In the first part of this blog “How Graze are experimenting their way to growth with Magento and AWS – Part (1/2)”, we made the case for Graze being the hallmark of an innovative company, by providing some examples of how they embrace the Lean Startup approach to quickly run experiments and validate they hypothesis, which can lead to new business models. This approach allows Graze to keep growing at staggering pace.
Graze’s experiments aim to answer the question “Should you build it?”, rather than “Can you build it?”. By rolling out Minimum Viable Products (MVP), Graze can learn what they need as fast as possible and at the lowest cost. Why? Because “The only way to win is to learn faster than anyone else”.
We know that we need to run experiments and learn faster than anyone else. But how?
The answer is in the scientific method, in “The Lean Startup” world known as the Build – Measure – Learn cycle.
- You start with hypotheses, a fancy word for “educated guess”
- Build a Minimum Viable Product, get it out into the real world
- Measure customers’ reactions and behaviors
- Learn from this, and use what you’ve learned to build a better product.
Let’s be clear. The goal of the process is not to get data, the goal is to get insight.
Let’s go back to the basic of the scientific method for a moment. In any experiment there are:
- Independent Variables, which you control
- Dependent Variables, which you measure
- And constants, that is everything else you don’t want to change
One of the challenges, as you keep experimenting to drive growth, is to make sure you don’t have undesired Independent Variables.

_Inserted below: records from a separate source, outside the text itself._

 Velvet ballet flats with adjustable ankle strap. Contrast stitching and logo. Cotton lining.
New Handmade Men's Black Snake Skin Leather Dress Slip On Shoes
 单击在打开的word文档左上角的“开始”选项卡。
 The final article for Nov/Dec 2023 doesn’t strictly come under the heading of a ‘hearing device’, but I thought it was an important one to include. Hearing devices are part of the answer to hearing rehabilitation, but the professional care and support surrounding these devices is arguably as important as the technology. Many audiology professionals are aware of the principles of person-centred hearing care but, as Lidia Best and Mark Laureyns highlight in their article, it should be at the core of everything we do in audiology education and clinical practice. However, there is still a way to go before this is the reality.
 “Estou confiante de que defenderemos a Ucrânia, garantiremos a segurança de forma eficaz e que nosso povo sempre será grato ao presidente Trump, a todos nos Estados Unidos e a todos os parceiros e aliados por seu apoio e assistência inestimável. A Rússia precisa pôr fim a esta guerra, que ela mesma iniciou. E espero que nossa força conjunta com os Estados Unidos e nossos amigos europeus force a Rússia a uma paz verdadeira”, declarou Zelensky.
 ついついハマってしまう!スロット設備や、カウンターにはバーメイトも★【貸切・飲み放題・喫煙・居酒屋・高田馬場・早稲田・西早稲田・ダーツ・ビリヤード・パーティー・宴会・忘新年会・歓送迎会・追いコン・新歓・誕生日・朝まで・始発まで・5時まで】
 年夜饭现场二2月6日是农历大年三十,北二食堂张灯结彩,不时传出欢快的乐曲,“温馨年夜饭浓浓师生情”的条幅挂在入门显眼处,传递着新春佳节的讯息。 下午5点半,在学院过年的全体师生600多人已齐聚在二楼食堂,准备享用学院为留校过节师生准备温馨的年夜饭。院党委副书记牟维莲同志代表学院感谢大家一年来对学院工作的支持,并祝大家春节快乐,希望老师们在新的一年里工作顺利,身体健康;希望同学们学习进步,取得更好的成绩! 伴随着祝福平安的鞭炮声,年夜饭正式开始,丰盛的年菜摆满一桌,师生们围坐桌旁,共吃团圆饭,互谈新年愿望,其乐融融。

In e-commerce, for instance, you might want to find out whether Google Shopping Ads has a better ROI than Facebook Dynamic Product Ads. So you set-up two campaigns on both channels, making sure you have the right tags to measure traffic, attribution, conversions etc… To make sure you are comparing apple with apple, you introduce the least amount of variation between the two campaigns. However hard you try, there may be invisible, but important variations ready to bias your experiment. You would rightly assume that the the User Experience after clicking on the advertised products will be the same from there on, but often it isn’t. The users clicking on the Google Ads might experience a 2 seconds slower response time when landing on the product page, compared to the users clicking on the Facebook Ads. In this scenario, the Facebook Ads will show a better ROI, due to a unknown variable, which it was assumed to be a constant.
Uptime, Performance and Scalability are very important, but even more important is the consistency of performance, so that you can reliably validate your learning. This is why scientists use laboratory environments to have direct control over most, if not all, of the variables that could impact upon the outcome of the experiment.

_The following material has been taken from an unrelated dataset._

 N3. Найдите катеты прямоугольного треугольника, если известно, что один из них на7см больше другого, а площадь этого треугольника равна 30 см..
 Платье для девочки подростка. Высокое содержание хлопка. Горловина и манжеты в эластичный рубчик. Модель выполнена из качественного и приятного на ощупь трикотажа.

You may be asking: yeah that’s nice stuff, but why on earth as a retailer should I be so concerned about this stuff? I don’t have time for these things, I need to run my business and worry about growth, and bottom line.
If it was difficult for your business to embrace mobile, let’s look at the future, the real unknown.
Today there are 5 billion devices, growing to 50 billion by 2020.
Do you have a sense for the magnitude of platform, infrastructure and business disruption that this will demand?
Your business needs to focus on experimenting and learning faster than anyone else, that’s the only way to win. This is the reason why Akoova continuously evolves, to help retailers to be ready for the future, whatever it might bring.